Supongo que los joyceanos serán los que se deslizarán con más familiaridad por las primeras páginas de este libro. No les sorprenderá encontrar allí a Cerruti a los diecisiete años de edad leyendo, en un bar del centro de Buenos Aires, el Ulises de Joyce y atascado en la página 40. Atascado hasta que el confortable murmullo del interior del bar es bruscamente interrumpido por el bochinche de una murga carnavalesca y de los gritos de la policía queriendo detenerla:
Fue ahí que me di cuenta: lo que leía en el Ulises estaba en la calle; no sé qué palabra fue, tal vez una frase, pero la encontré en el texto y luego tras la puerta del bar. Entonces supe que el Ulises había que leerlo dejando que la realidad que circundaba al lector lo penetrase.

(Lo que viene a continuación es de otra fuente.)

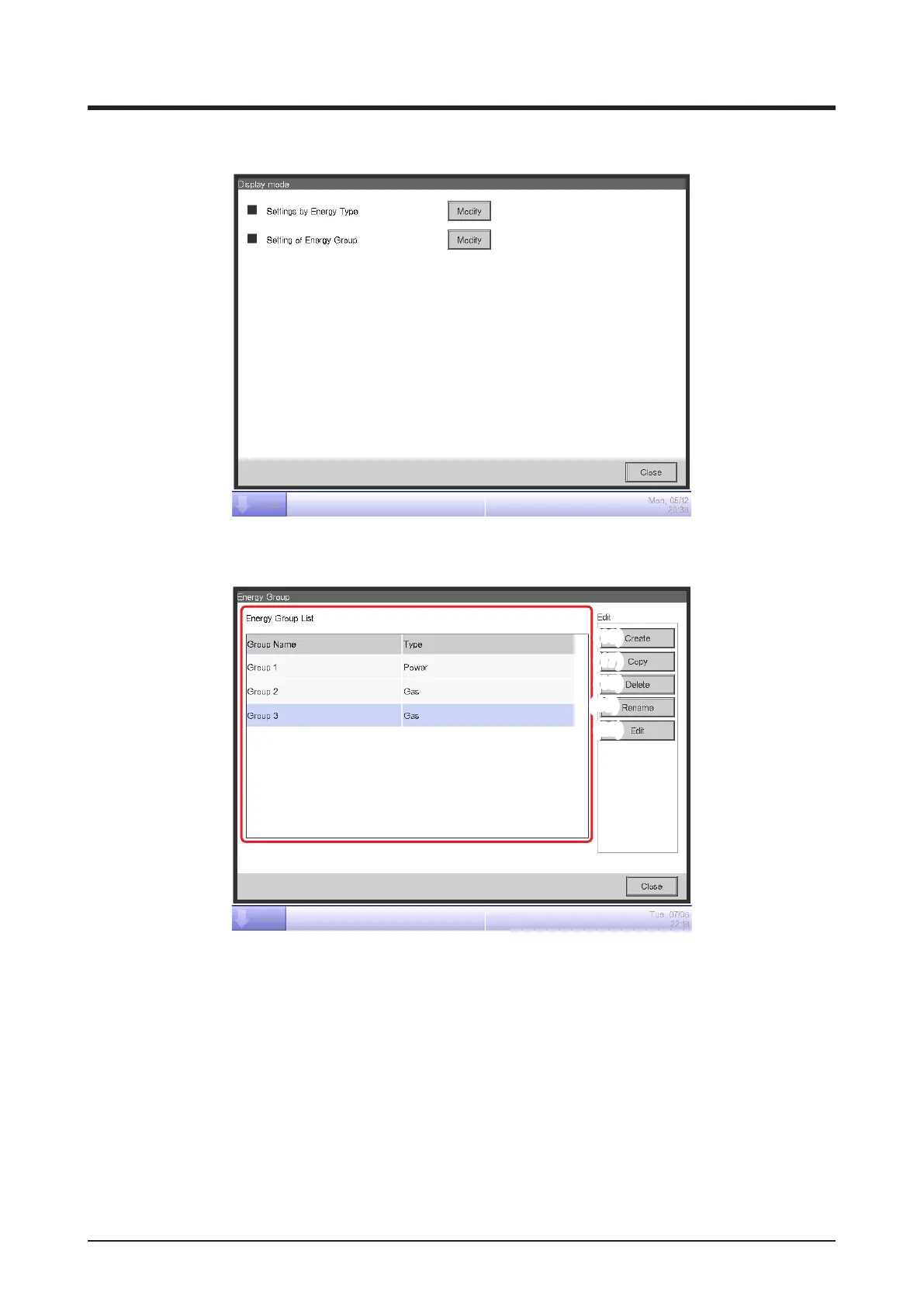 To set up energy groups, touch the Modify button (14) to display the Energy Group screen.

Para los lectores de Joyce, ni falta les hace que este recuerdo venga anticipado por la etiqueta: «Entonces ocurre una epifanía personal que destraba algo. La anoto en la primera página del libro, dado que aún no tengo el hábito de llevar una libreta». Para el resto, en cambio, será una advertencia provechosa para anoticiarlos de la importancia heurística que tienen para los escritores, desde finales del siglo XIX, las metamorfosis poéticas o «momentos eucarísticos» que suelen suceder a partir de episodios menores de la vida ciudadana, como el de la murga. Prestar atención a su irrupción y anotarlos es un hábito y gesto corrientes, y si, hacia la edad de diecisiete años, Joyce también lo hacía, recopilando tales experiencias anodinas bajo el título de «siluetas» o «epifanías», fue por ser un escritor de su tiempo, no por una tara psicopatológica singularísima o trastornos de los fenómenos elementales del automatismo mental de Clérambault, como suele entenderse luego de leer a Lacan mencionando las epifanías joyceanas.

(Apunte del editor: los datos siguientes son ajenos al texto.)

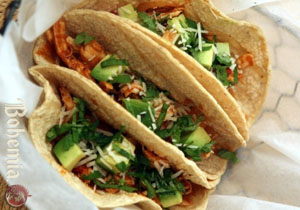 Pork Tinga Tacos with Potatoes, Avocado and Fresh Cheese
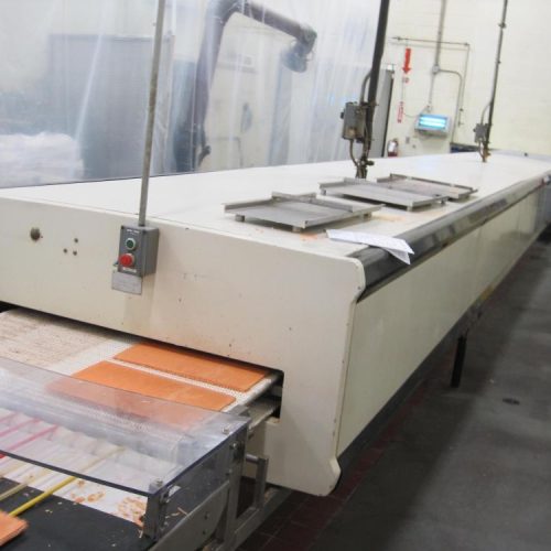Haas 41 in Wide x approx 116 ft Long Straight Line Cooling Tunnel with Plastic Interlocking Delrin Conveyor. 1 3/4 in H Clearance in Opening From Top of Belt. Estimated Belt Speed 16 FPM, (6) In-Line Evaporator Fan Sections with 5 Fans Each. S/S Frame and Legs.

A los lectores de Joyce, además, no se les pasará por alto la posibilidad de que el recuerdo de Cerruti adolescente haya sufrido algún retoque para cobrar mayor significación. Consultarán seguramente la página 40 del Ulises en su edición más popular, la de Penguin Modern Classics, para encontrar una reveladora equivalencia. Allí aparece la tortuosa discusión, sobre el sentido de la historia, entre el joven profesor Stephen Dedalus y el director del colegio Mr. Deasy. El silencio de fondo de la elegante oficina de la dirección, donde conversan, se ve repentinamente interferido por un griterío procedente del patio de los alumnos. Stephen lo aprovecha para replicar que la historia de la humanidad no obedece a ningún designio providencial conservador, sino a irrupciones inopinadas: «Eso es Dios. Un grito en la calle», le dice a Mr. Deasy, señalando la ventana por donde entró el barullo.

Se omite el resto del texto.